Neuroendocrine effects of exogenous adropin administration on the hypothalamic pituitary testicular axis in male rats
Ersen ERASLAN, Ayhan TANYELİ, Mustafa Can GÜLER, Aslı ÖZBEK BİLGİN, Fazile Nur EKİNCİ AKDEMİR, Elif POLAT, Selim ÇOMAKLI, Nezahat KURT, Tuğba BAL TAŞTAN

TL;DR
This study explores how giving a hormone called adropin to healthy male rats affects their reproductive hormone levels and testicular function.
Contribution
The study reveals new insights into adropin's potential role in linking metabolic signals to reproductive hormone regulation in non-obese rats.
Findings
High-dose adropin increased hypothalamic GnRH and kisspeptin expression but reduced LH levels.
Adropin increased testosterone and inhibin B while decreasing activin A in the blood.

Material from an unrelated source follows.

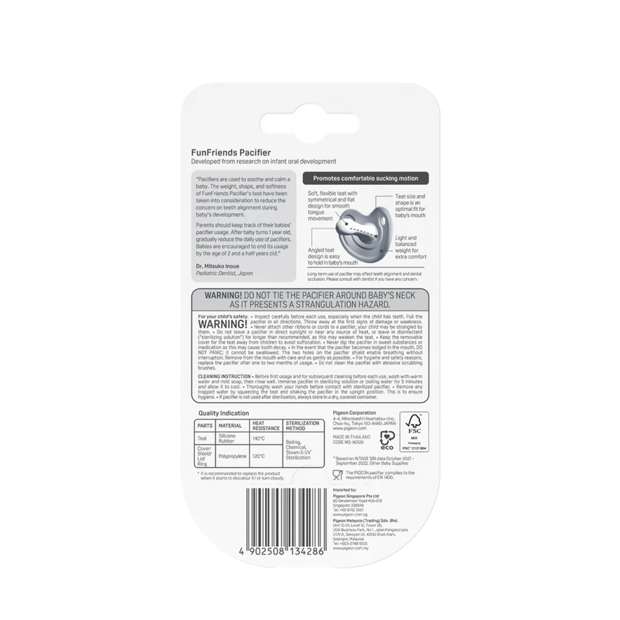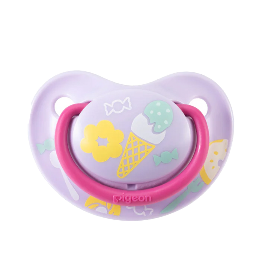 Soothe your baby with the Pigeon pacifier. The orthodontic silicone teat supports healthy oral development and ventilation holes reduce skin irritation. Fun character designs make comfort time cheerful. Choose the size that suits your baby's age.
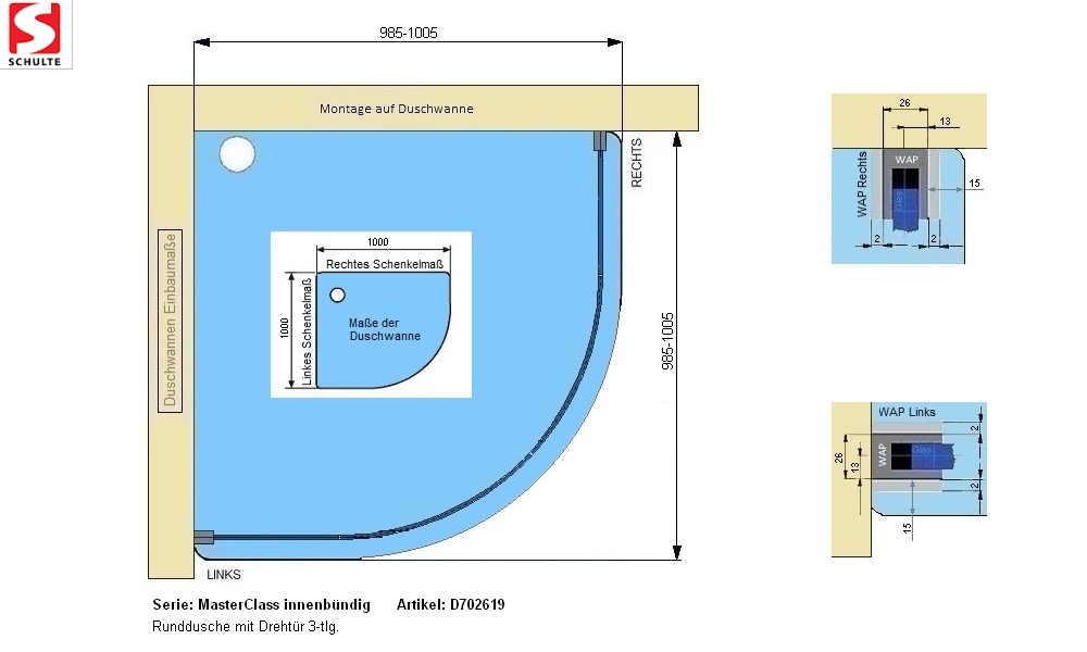 MasterClass - Runddusche, 3-teiligDuschkabinenserie MasterClass Die Serie MasterClass gilt als Luxusklasse der Marke Schulte. Die teilgerahmte Optik der Duschkabinen mit innenbündigen Scharnieren bietet den praktischen Vorteil, dass die Duschabtrennungen ausgesprochen pflegeleicht sind; Schmutz und Kalk können sich nur schwer absetzen. Außerdem ist eine ebenerdige beziehungsweise barrierefreie Montage auf Fliesen sowie eine Montage auf unseren Duschwannen bei allen MasterClass-Modellen möglich. Sie haben zudem die Wahl die Duschkabine mithilfe der mitgelieferten Montageanleitung selbst anzubringen oder unsere fachkundigen Monteure zu buchen.

Adropin enhanced testicular antioxidant activity and reduced body weight in a dose-dependent manner.
Abstract
Obesity impairs male fertility through metabolic dysfunction, oxidative stress, and disruption of the hypothalamic–pituitary–testicular (HPT) axis. Adropin (ADR), a peptide hormone whose circulating levels are reduced in obesity, plays emerging roles in metabolic homeostasis; however, its involvement in reproductive endocrine regulation remains unclear. The present study was conducted in healthy, nonobese male rats and aimed to investigate the neuroendocrine and testicular effects of exogenous ADR administration, focusing on circulating reproductive hormones, hypothalamic regulatory peptides, and testicular antioxidant pathways. Thirty-two male Wistar rats were randomized into control, sham, low-dose ADR (4 μg/kg/day), and high-dose ADR (40 μg/kg/day) groups and treated for 10 days. An enzyme-linked immunosorbent assay (ELISA) was used to measure circulating gonadotropins,…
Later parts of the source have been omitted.